● **RECORDED DATA**
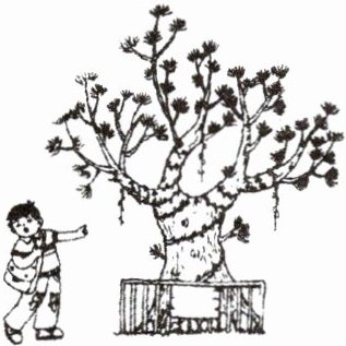 公园里的一个小护栏内有一棵松树,树干粗壮,枝条冲天,古老而富有生机。在它身上紧紧地缠绕着一根藤,看上去非常亲密。护栏上挂着一块还没有写字的木牌,请你在上面写一句环保标语。
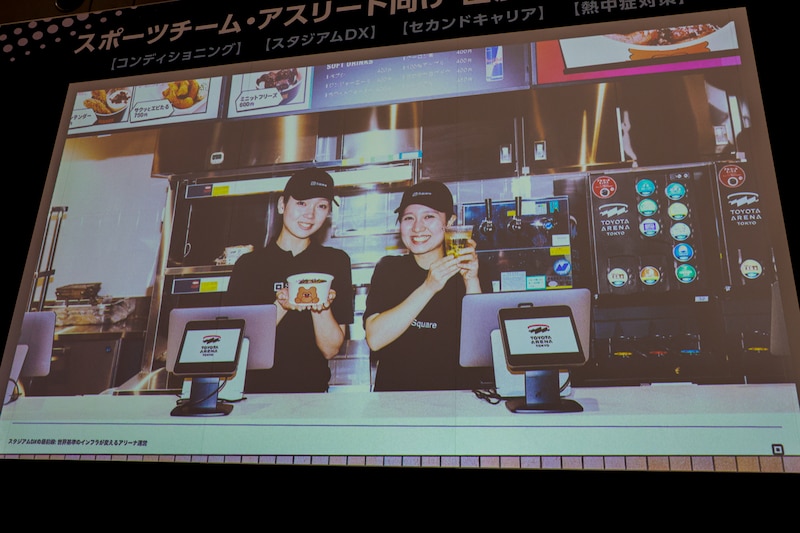 TOYOTA ARENA TOKYOで今後実現していきたい観戦体験や運営として目指しているものについては「実は4月22日の今度の試合で、一部のお席でデリバリーシステムのテスト運用があります。そこがスムーズに実現できれば、コンコースでお客様がお待ちいただく時間と手間がゼロになり、好きなタイミングでご注文をいただける環境を整えられます。諸々課題はありますが、お客様の没入感をより一層上げられて、観戦の満足度の向上に寄与できるのではないかと思っています」と、座席に座ったまま観戦と注文をシームレスに完結できるデリバリーシステムを目指していると明らかにした。
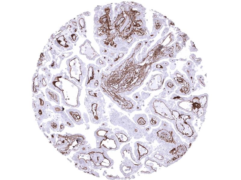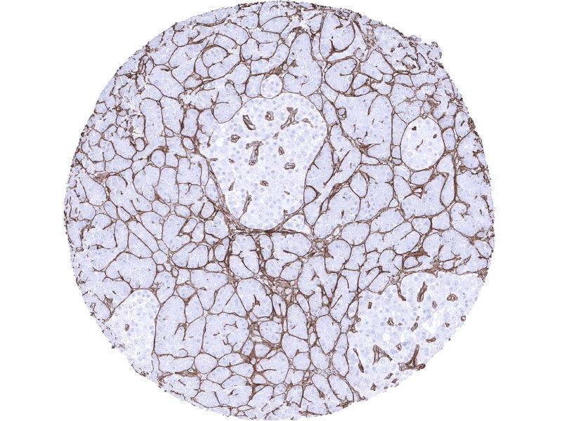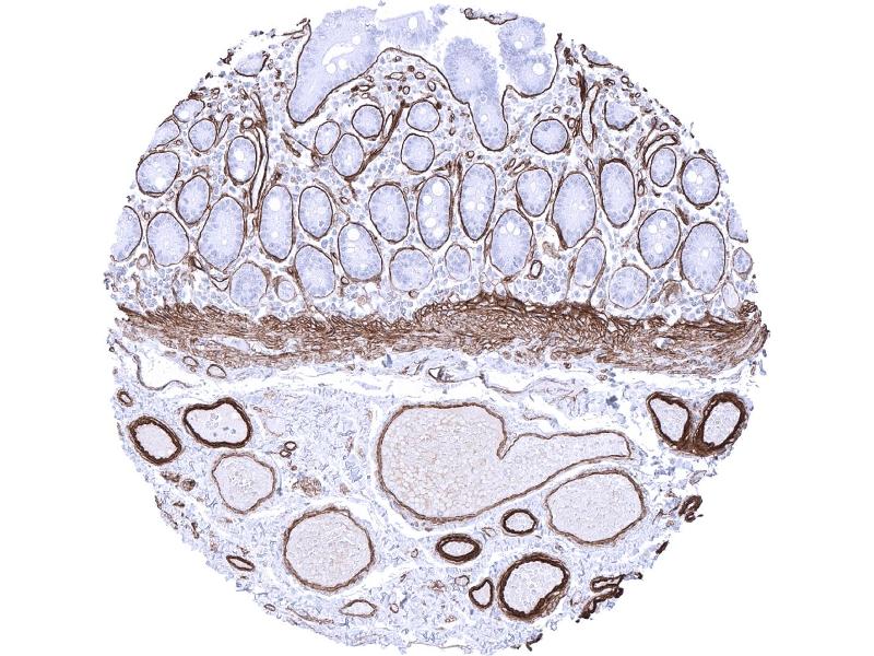 Positive Control: Colon: An at least moderate collagen IV immunostaining of basement membranes and a strong staining of vessels and the tunica muscularis mucosa should be seen.

● **WHAT IS BEING ASKED**
A verbatim copy of the listing is required, with all pictures left out.

● **OUTPUT FOR THIS TASK**
 公园里的一个小护栏内有一棵松树,树干粗壮,枝条冲天,古老而富有生机。在它身上紧紧地缠绕着一根藤,看上去非常亲密。护栏上挂着一块还没有写字的木牌,请你在上面写一句环保标语。
 TOYOTA ARENA TOKYOで今後実現していきたい観戦体験や運営として目指しているものについては「実は4月22日の今度の試合で、一部のお席でデリバリーシステムのテスト運用があります。そこがスムーズに実現できれば、コンコースでお客様がお待ちいただく時間と手間がゼロになり、好きなタイミングでご注文をいただける環境を整えられます。諸々課題はありますが、お客様の没入感をより一層上げられて、観戦の満足度の向上に寄与できるのではないかと思っています」と、座席に座ったまま観戦と注文をシームレスに完結できるデリバリーシステムを目指していると明らかにした。
 Positive Control: Colon: An at least moderate collagen IV immunostaining of basement membranes and a strong staining of vessels and the tunica muscularis mucosa should be seen.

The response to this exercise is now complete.